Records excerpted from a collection
----------
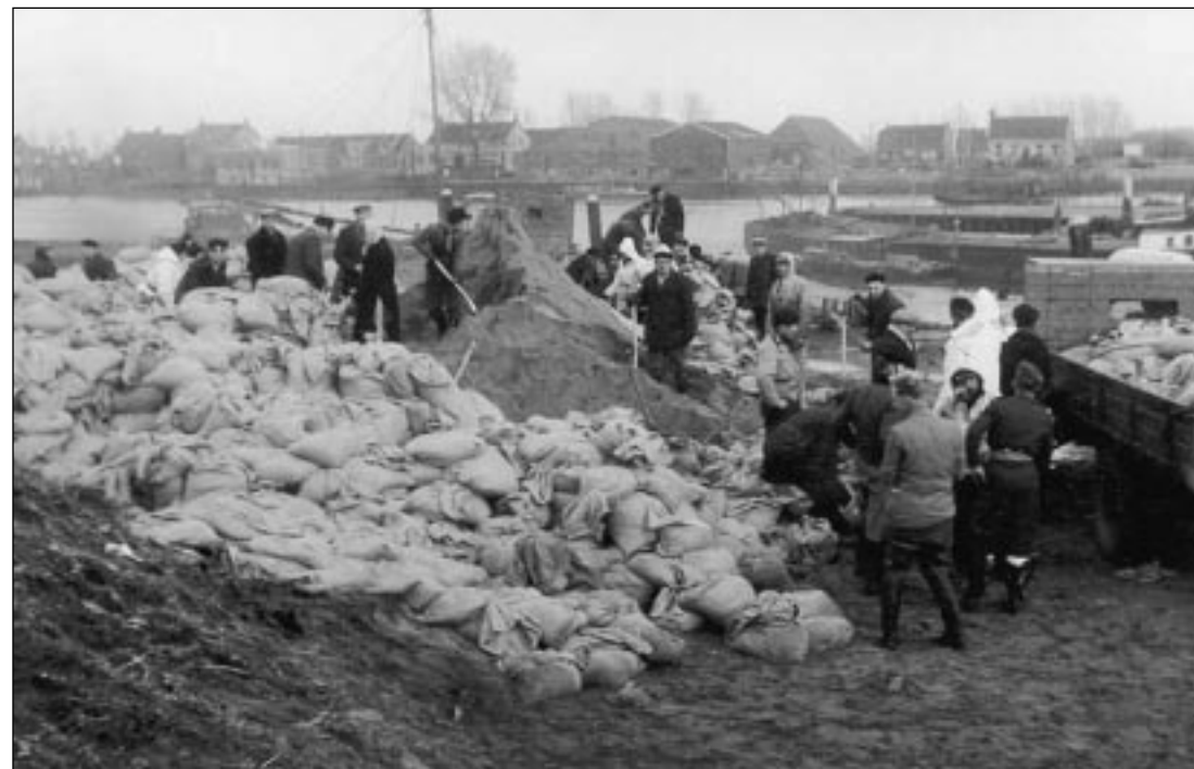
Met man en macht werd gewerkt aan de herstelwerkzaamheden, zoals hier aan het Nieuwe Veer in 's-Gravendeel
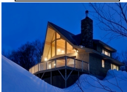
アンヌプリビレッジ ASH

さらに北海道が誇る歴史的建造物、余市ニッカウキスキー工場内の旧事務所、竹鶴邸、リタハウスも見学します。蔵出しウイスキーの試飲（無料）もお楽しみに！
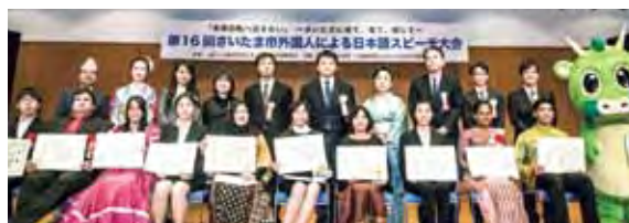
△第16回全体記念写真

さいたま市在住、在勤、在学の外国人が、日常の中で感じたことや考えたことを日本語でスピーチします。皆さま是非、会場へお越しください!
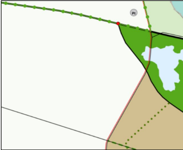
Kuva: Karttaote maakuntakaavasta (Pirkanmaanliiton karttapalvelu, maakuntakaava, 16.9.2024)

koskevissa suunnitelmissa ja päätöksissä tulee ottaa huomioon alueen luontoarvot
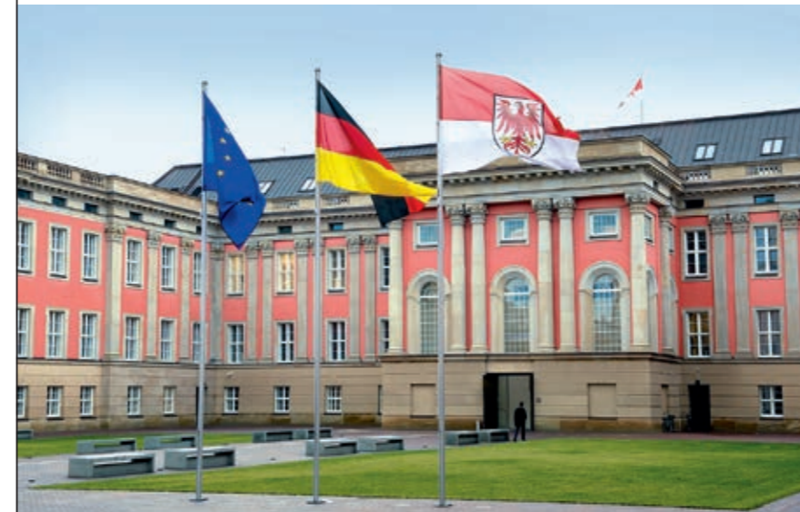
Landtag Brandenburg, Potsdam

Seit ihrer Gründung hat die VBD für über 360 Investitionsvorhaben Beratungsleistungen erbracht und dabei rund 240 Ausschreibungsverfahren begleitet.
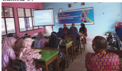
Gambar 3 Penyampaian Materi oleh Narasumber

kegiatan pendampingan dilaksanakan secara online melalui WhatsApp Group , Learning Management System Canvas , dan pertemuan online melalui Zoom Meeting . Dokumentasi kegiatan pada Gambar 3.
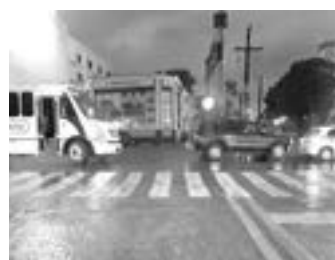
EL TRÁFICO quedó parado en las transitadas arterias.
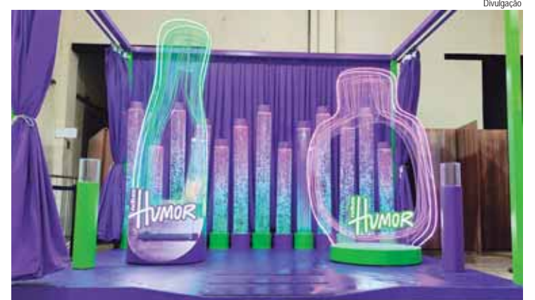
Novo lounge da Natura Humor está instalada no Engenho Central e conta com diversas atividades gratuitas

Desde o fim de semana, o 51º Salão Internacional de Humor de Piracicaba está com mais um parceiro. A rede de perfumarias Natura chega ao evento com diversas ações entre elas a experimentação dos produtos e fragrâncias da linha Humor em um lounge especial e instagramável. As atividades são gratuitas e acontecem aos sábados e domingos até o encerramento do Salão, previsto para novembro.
----------
- _Assignment_:
Could you return all lines from the data above that contain the string "Natura"?

- _Task result_:
Novo lounge da Natura Humor está instalada no Engenho Central e conta com diversas atividades gratuitas
Desde o fim de semana, o 51º Salão Internacional de Humor de Piracicaba está com mais um parceiro. A rede de perfumarias Natura chega ao evento com diversas ações entre elas a experimentação dos produtos e fragrâncias da linha Humor em um lounge especial e instagramável. As atividades são gratuitas e acontecem aos sábados e domingos até o encerramento do Salão, previsto para novembro.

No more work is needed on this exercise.